I need to extract elements of a tensor (at present done using a boolean mask), do some operations on them, and replace in the original tensor. The basic operations look like this, where index is a boolean tensor.
new = out[index]
# Do some operations on new here
rt = out.clone()
rt[index] = new
Is there a faster way of doing this? In the test below, training time is roughly doubled (though depends on how many elements of index are True)
class test(nn.Module):
def __init__(self):
super(test, self).__init__()
self.a = nn.Parameter(torch.ones([100, 200]))
def forward(self, x, index=None):
out = torch.matmul(self.a, x)
if index is not None:
new = out[index]
rt = out.clone()
rt[index] = new
else:
rt = out
return rt
model = test()
opt = torch.optim.SGD(lr=0.01, params=model.parameters())
loss = torch.nn.MSELoss()
ixs = (torch.arange(100) > 50)
st = time.time()
for _ in range(1000):
x = torch.ones([200, 400]) + 10
target = torch.zeros([100, 400])
out = model(x, ixs)
l = loss(out, target)
l.backward()
opt.step()
model.zero_grad()
print(time.time() - st)
Thanks! Will have a go with index_select/index_copy and make a comparison. It’s the speed of extracting and re-inserting the elements of the tensor I’m interested in! Interesting that using indices is quicker with a small number.
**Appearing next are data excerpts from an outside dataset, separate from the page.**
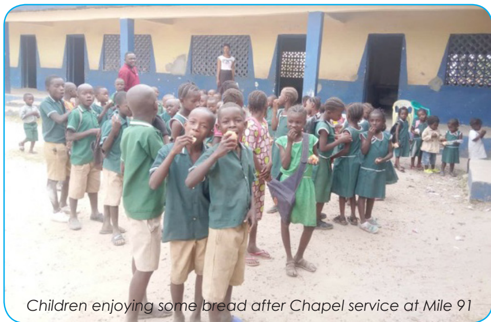
Children enjoying some bread after Chapel service at Mile 91

May the Lord bless you at all times and in every way – even if much of it seems to be restricted, it's never wasted time when surrendered to Him.
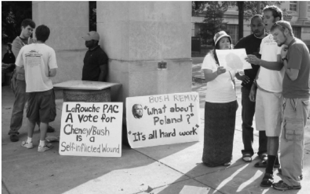
LaRouche youth organizing in Ohio to get Kerry elected, and stop a U.S. forced march into fascism under a second Bush Administration. LaRouche spoke to the youths' cadre school, which met in the Toledo area on Oct. 9.

Kepler, as I've said, based his notion of gravitation as a universal principle, on three empirical considerations: First, the planetary orbits—Mars, Earth—are elliptical, or not circular. That eliminates Aristotle; that is the error in the work of Tycho Brahe, and the error of Copernicus. There's another error of Copernicus, but that typifies the error.
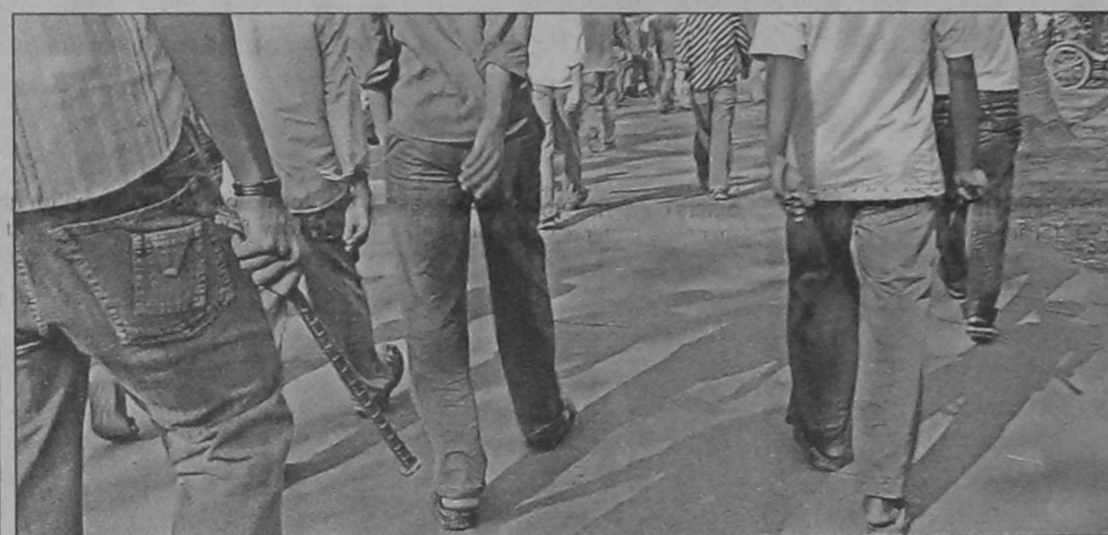
A group of students supporting strike chase others who are against the strike on the Dhaka University campus yesterday. Students demanding abolition of the quota system in the BCS examination called the strike but withdrew the strike later.
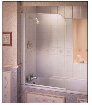
Suitable for all solid bath screens with Maximum length of 1.0m Profile size 15mm high x 3mm wide
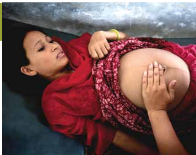
A pregnant woman has her abdomen and unborn fetus examined at a rural health clinic in Hetauda, Makwanpur, Nepal.
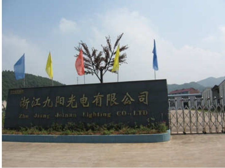
The front of the factory
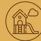
Kids play area with green space & sit out
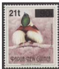
EX LOT 1999
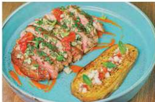
FARMER GRILLED PORK - 490 B

ORGANIC GRILLED PORK NECK, BELL PEPPERS, EGGPLANT & CHIMICHURRI
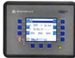
EASY GEN 3500

(4) Fully Automatic Parallel Operation Device "EASY GEN": High-speed digital control enables all operations from starting and stopping to synchronization verification, synchronization activation and load sharing to be performed at the touch of one button. This device has multiple functions that enable parallel operation of generators with differing capacities, the number of units being operated to be controlled and other operations.
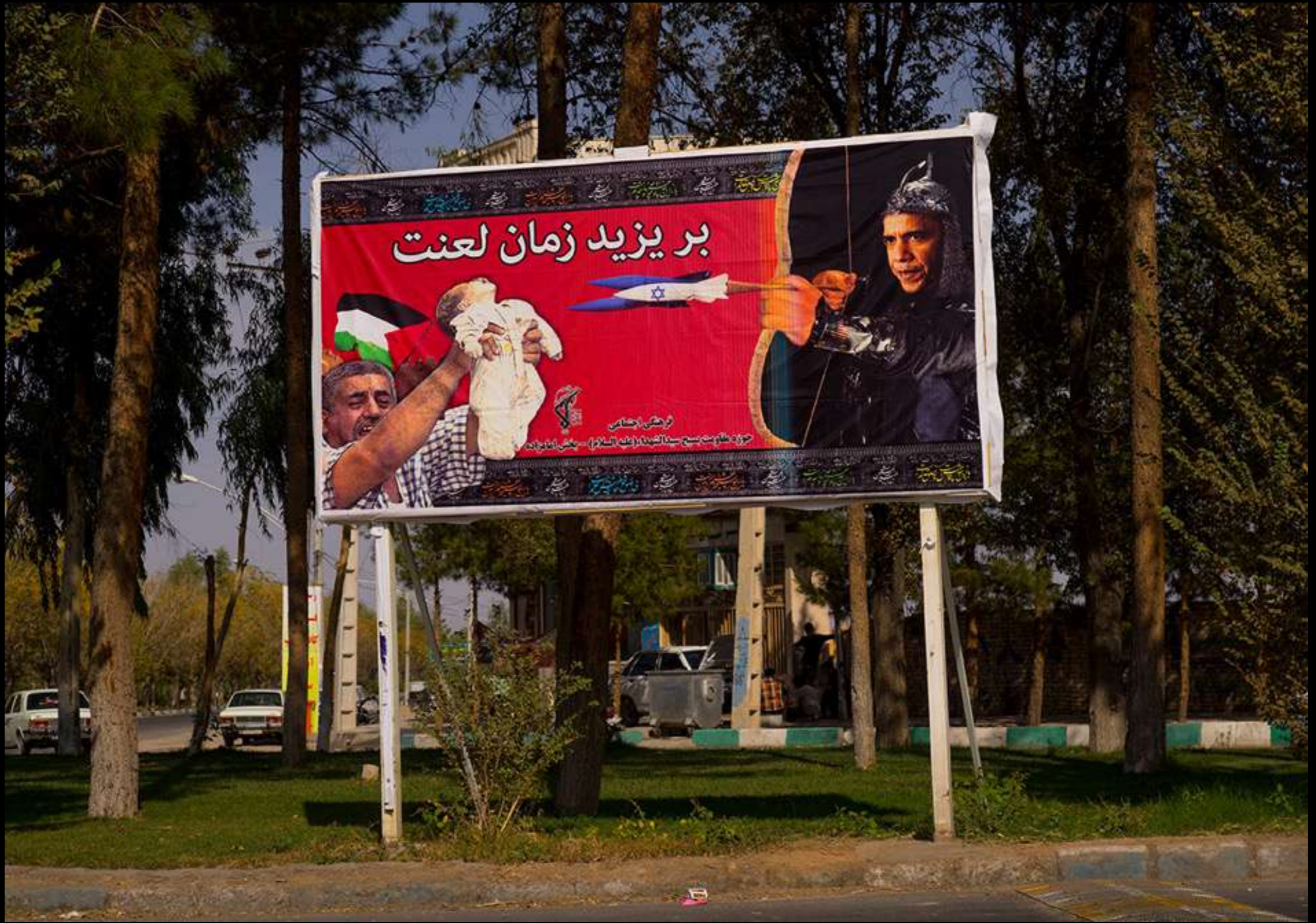
In the neighborhood of Yazd, this billboard blasts the USA for not respecting human rights. It depicts Obama as Yazid, who was responsible for the death of Shia Imam Hussein. A man is holding a Palestinian baby. The arrowhead aimed at them bears the Israeli Star of David. The Great Satan and the Little Satan (Israel) are shown as baby killers.
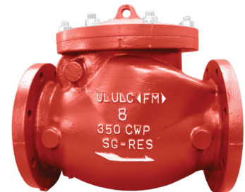
350 PSI SWING CHECK VALVE (A2122B1)
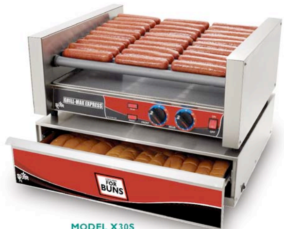
MODEL X30S SHOWN WITH OPTIONAL XBW30 BUN BOX

We improved our Seal-Max ® system by adding colored seals which provide quick, visual identification of front and rear zones. The dual seal system, one internal and one external seal at each roller, thus eliminating the potential for grease and food particles to enter the drive system.
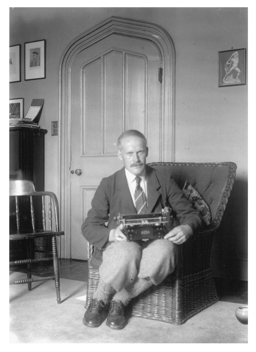
FIG. 3. Sir Harold Jeffreys (1891–1989) in 1928.

gives any ground for inferring a difference between the corresponding ratios in the complete populations. Let us suppose that in the first population the fraction of the whole possessing the property is [\theta_0] , in the second [\theta_1] . Then we are really being asked whether [\theta_0 = \theta_1] ; and further, if [\theta_0 = \theta_1] , what is the posterior probability distribution among values of [\theta_0] ; but, if [\theta_0 \neq \theta_1] , what is the distribution among values of [\theta_0] and [\theta_1] . (p. 203)
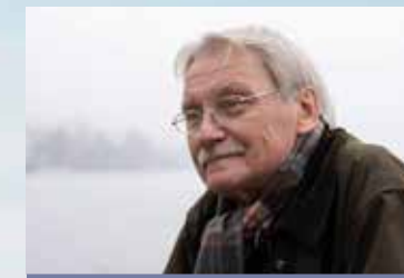
— ROLAND AMBASSADOR, GERMANY

After the consultation I went straight to my father's house and we hugged each other very tightly. I told him, “Dad, Mum has gone but the illness hasn't. I'm the patient now and it's time to take care of myself.”
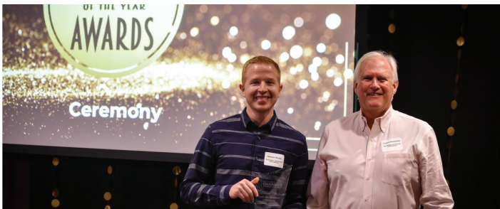
Bookwalter & Skulski Orthodontics 14 Employees & Under Category
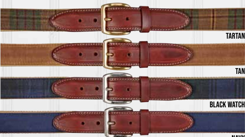
7023 - Waxed Canvas Belt
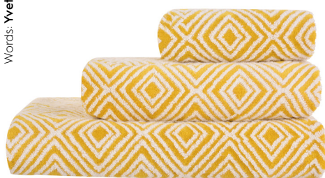
J by Jasper Conran Diamond towels, from £11 for a hand towel, Debenhams. debenhams.com
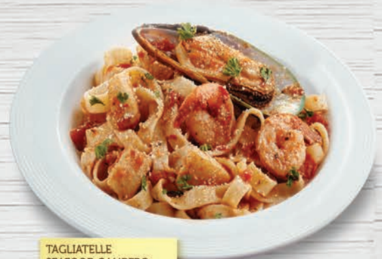
TAGLIATELLE SEAFOOD GAMBERO
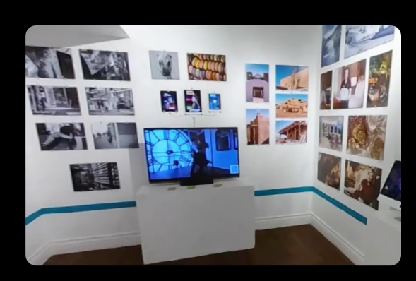
Foothills Art Center 2021 - Photo & Video

www.youtube.com/ watch?v=5_BfpnP4pjl&t=31s
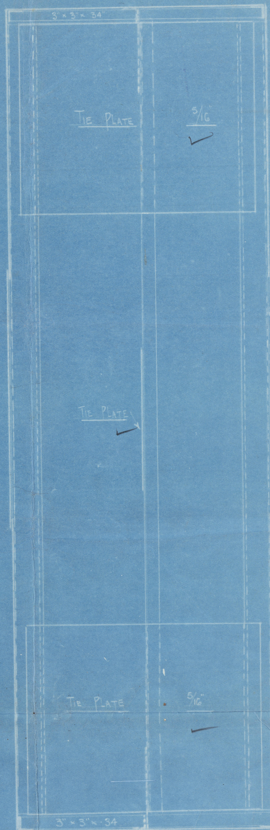
SECTION THRO C-D

APPROVED LLOYD'S REGISTER SHIPPING MANAGEMENTS per [Signature] 11.6.20
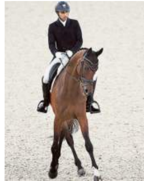
Fouaad Mirza on Seigneur Medicott.

Fouaad Mirza, astride Seigneur Medicott, was seventh with 28 penalty points in dressage on day one of the equestrian competition on Friday. Louise Romeike of Sweden was tied with the Indian. Great Britain's Oliver Townend topped the table with 23.60 penalty points.
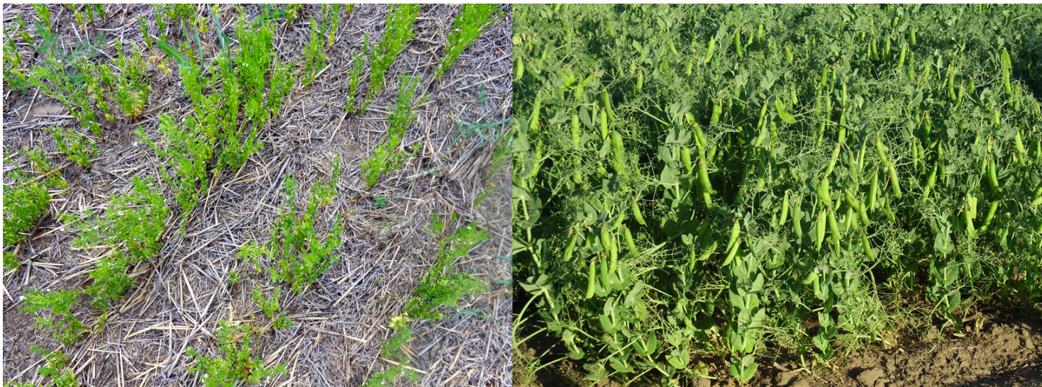
Figure 6. The Camps have experimented with both winter and spring peas. Spring peas are shown in mid-June in 2014 (left) and fully developed in July 2013 (right).
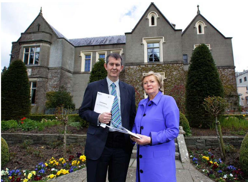
Minister Poots and Minister Fitzgerald attending the Child Protection Conference in Dundalk in May 2013
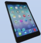
100% digital by 2023
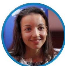
SARAH OURAHMOUNE FRANCE - BOXING
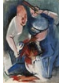
p. 28 Norman Lewis, Untitled (Police Beating) , 1943, watercolor, ink, and graphite on paper, 20 x 13 7/8 inches.
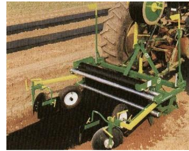
Mulch layer w/drip attachment
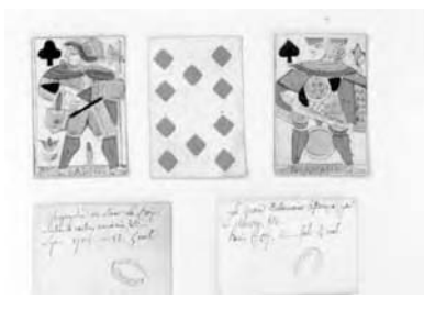
Figure 10.1 Playing cards used to catalogue books during the French Revolutionary seizures. From the Arbois Library.

then classified alphabetically by authors, or by titles for anonymous works. The playing cards were then linked together by string so that no card could be lost. Once all this was done, the details from the cards had to be copied out in a register intended to serve as an on-the-spot catalogue of the library. After that the playing cards were all sent to Paris, to the bibliographical office, to feed the national catalogue in progress.
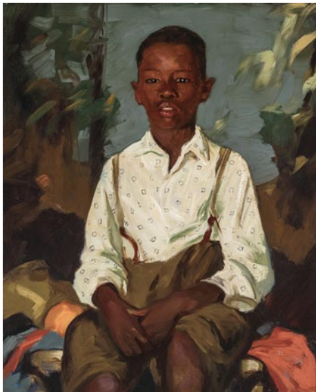
Robert Henri, American, (1865 – 1929), "Sylvester", 1914, oil on canvas. 32 x 26 in. (81.3 x 66 cm); frame: 39 1/4 x 33 1/4 in. (99.7 x 84.5 cm). Terra Foundation for American Art, Daniel J. Terra Art Acquisition Endowment Fund, 2017.2, L2023.2.4

Cumulatively, Triple Take invites the visitor to experience the Terra Foundation loans in a new way. The three contrasting curatorial approaches show how Ackland's rich and deep collection can create a space for reinterpreting works of art.

Well the complexity of the operation with a mask is of the size of the Tensor. Because for every entry, it needs to check the mask value.
For the indices, it just reads the values at the given indices, so the complexity is the number of indices.
The other aspect I’m wondering about in the above e.g. is that if I change the line
ixs = (torch.arange(100) > 50)
to
ixs = (torch.arange(100) > 99)
I get back to the baseline speed. So it seems the slowdown is not the indexing directly, but due to a copy being made of the elements of the matmul output where the indices that are True, and operations on this copy (hence the difference depending on how many elements of ixs are True). Is that kind of correct?!